Cooks' leader gets vaccine; Suspects in suicide bombings plans arrested in Papua; Tonga's pharmacy boost; and more.
Prime Minister Brown gets vaccine
The Cook Islands Prime Minister Mark Brown and his family have had their first COVID-19 vaccinations.
Mr Brown missed having his earlier because he was attending his daughter's graduation ceremony in New Zealand.
More than 7,000 people aged over 16 years have now had their first of two vaccinations, which is almost 95 percent of the Rarotonga population.
Phase one of the vaccination programme on Rarotonga wrapped up at the weekend.
"While it is not compulsory, I cannot stress enough how important it is that everyone living here in the Cook Islands aged 16 and over makes use of this vaccine," he said.
"By getting vaccinated you are not just protecting yourself, you are protecting all those around you - your children and other loved ones, extended family members, friends, co-workers and all those you come into contact with each day."
Suspects in suicide bombings plans arrested in Papua
Indonesian counter-terrorism police have arrested ten people suspected of planning suicide bombings in Papua province.
The Densus 88 counter-terrorism squad arrested the suspects in Merauke regency.
The Antara news agency reports that the suicide bombing plans targetted several churches in the region between Merauke city and the border with Papua New Guinea.
Merauke's district police chief, Untung Sangaji said the plans were foiled because police were on standby at the sites being targeted.
PNG's covid-19 case numbers close in on 16-thousand
Papua New Guinea authorities have recorded another 53 confirmed cases of Covid-19, taking the country's known tally of infections to 15,901.
The highest numbers were in Southern Highlands and Eastern Highlands Provinces.
The victims, 36 of whom showed Covid symptoms, ranged in ages from four to 77.
The official PNG national death toll remains at 162.
PNG's total number of confirmed cases has risen by over 14-thousand in the past three months, averaging about a thousand cases per week during that time.
Wallis extends Covid-19 restrictions for another week
Remaining restrictions on public gatherings in Wallis and Futuna have been extended until the weekend.
A first Covid-19 community outbreak in March prompted a sharp lockdown which was eased three weeks ago, allowing businesses to reopen.
After recording more than 400 infections, case numbers have abated but the French prefecture says as a precaution the current measures will be upheld.
They were expected to be eased last week, but the prefecture says the uptake of the vaccine has been insufficient to create herd immunity.
Almost half the population received a first vaccine within three weeks of the Covid-19 outbreak but the inoculation drive has stalled.
Fewer than 53 percent have received the first Moderna vaccination and 36 percent are fully vaccinated.
The prefecture says Sunday's early morning mass will be allowed to proceed.

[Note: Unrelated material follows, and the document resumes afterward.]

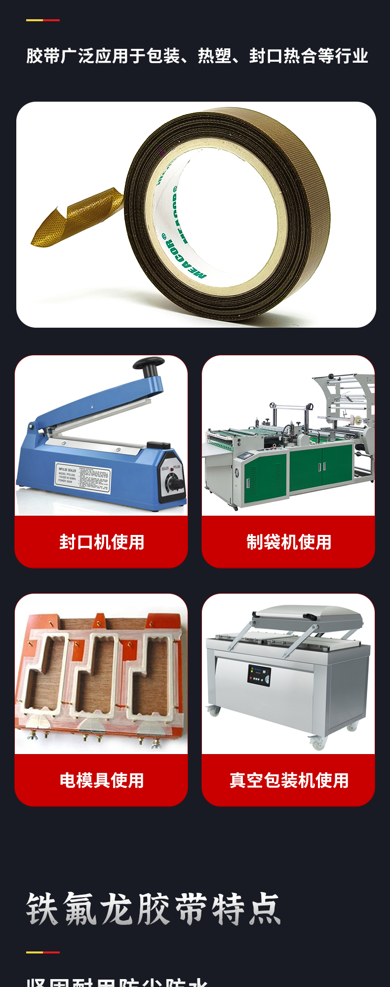 铁氟龙胶布耐高温300度绝缘胶隔热防磨封口机真空包装

Tonga gets aid for pharmacy warehouse
Tonga has received financial support from New Zealand for the construction of a new central pharmacy warehouse.
Tonga received a grant of 1.1 million dollars to assist its Covid-19 preparedness and response activities such as the National Deployment and Vaccine Plan.
New Zealand High Commissioner Tiffany Babington handed over the signed grant contribution letter to the Ministry of Health officials.
The warehouse will be the main centre for receiving and distributing medicine and medical supplies to health facilities across Tonga's island groups.
It'll also store vaccines in refrigeration and will keep stock safe from natural hazards and climate change risks.
Farewell to patrol boat
Vanuatu has farewelled its patrol boat, the RVS Tukoro, which has served the country for almost 34 years.
In a ceremony to farewell the ship and its crew, Prime Minister Bob Loughman thanked the Australian Government for its continued support through the RVS Tukoro.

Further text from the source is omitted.